“Benim rütbe-i aklım da erdemlerim de seninkinden yüksek. Öyleyse benim oyum senden çok sayılsın” düşüncesi de savunulabilir bir argümandır; faşizm ne kadar savunulabilir ise. Argüman sahiplerinin hemen her zaman dünyanın Einsteinları değil Aysun Kayacıları olması fikri değersiz kılmaz. Yalnız bu yola bir girdiğinizde mantığın doğal ilerlemesi sonucu monarşi ile çıkmak zorundasınız. Öyle ya akıllıdan da akıllı var. Zenginden de zengin, çağdaştan çağdaş, dindardan dindar, beyazdan beyaz, laikten de laik, kuvvetliden de kuvvetli ve seksiden seksi var. Yani hangi kriteri temel alırsanız onda herkesten yüksek puan alacak birileri var.
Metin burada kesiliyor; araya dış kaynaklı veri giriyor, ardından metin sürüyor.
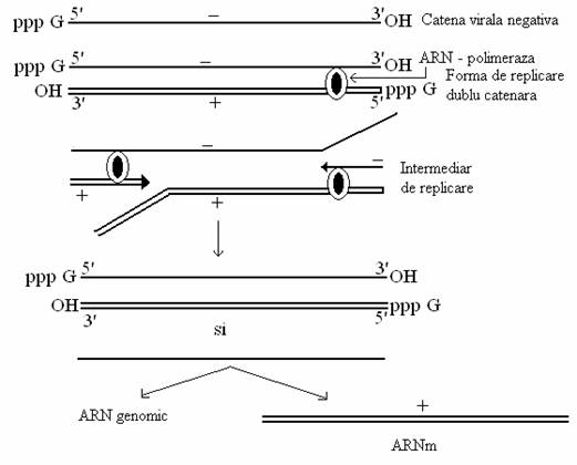 La virusurile cu genom ARN de polaritate negativa (grupul Mononegavirales- paramixo-, rhabdo-, filovirusuri), mesagerii si catenele genomice sunt transcrise de pe matrite diferite: catena de polaritate negativa a formei dublu catenare functioneaza ca matrita pentru transcrierea ARNm monocistronici, iar cea de polaritate pozitiva este transcrisa in copii de lungimea genomului (fig. 90), de polaritate negativa, cu rol de ARN genomic. Replicarea se deosebeste de transcriere prin modul in care progreseaza ARN-pol: continuu sau secvential.
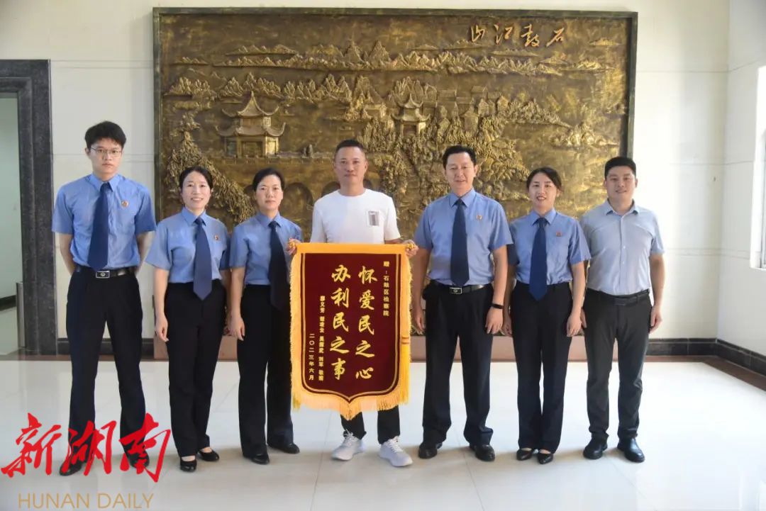 判决落地,心怀感激的挖机师傅们特地定制了一面锦旗,送到检察院。

Vergi kaçıran ile vergisini kaçırmadığını itiraf eden Aysun “ayni mekânı niye paylaşsın”, niye ayni sayıda oy versin, güzel ama vergi rekortmeni Aydın Bey’in oyu niye Aysun ile ayni sayılsın? “Aysun niye sadece güzel vücut ve erkekleri tahrik kabiliyetinden dolayı bu kadar para kazansın ve TV’lerde ahkâm kessin” demeyeceğim ne kıskanç ne sosyalist olduğum, serbest pazar ekonomisinden yana olduğum için. Ama Aysun’un mantığından giderek diyebilirdim de.
Mesele ben.
Tanrı ile konuşurum her gece. Eeh, Tanrı konuşmak için beni seçtiğine göre bir tek benim oyumdan başka kimseninki sayılmasın dersem ne diyeceksiniz?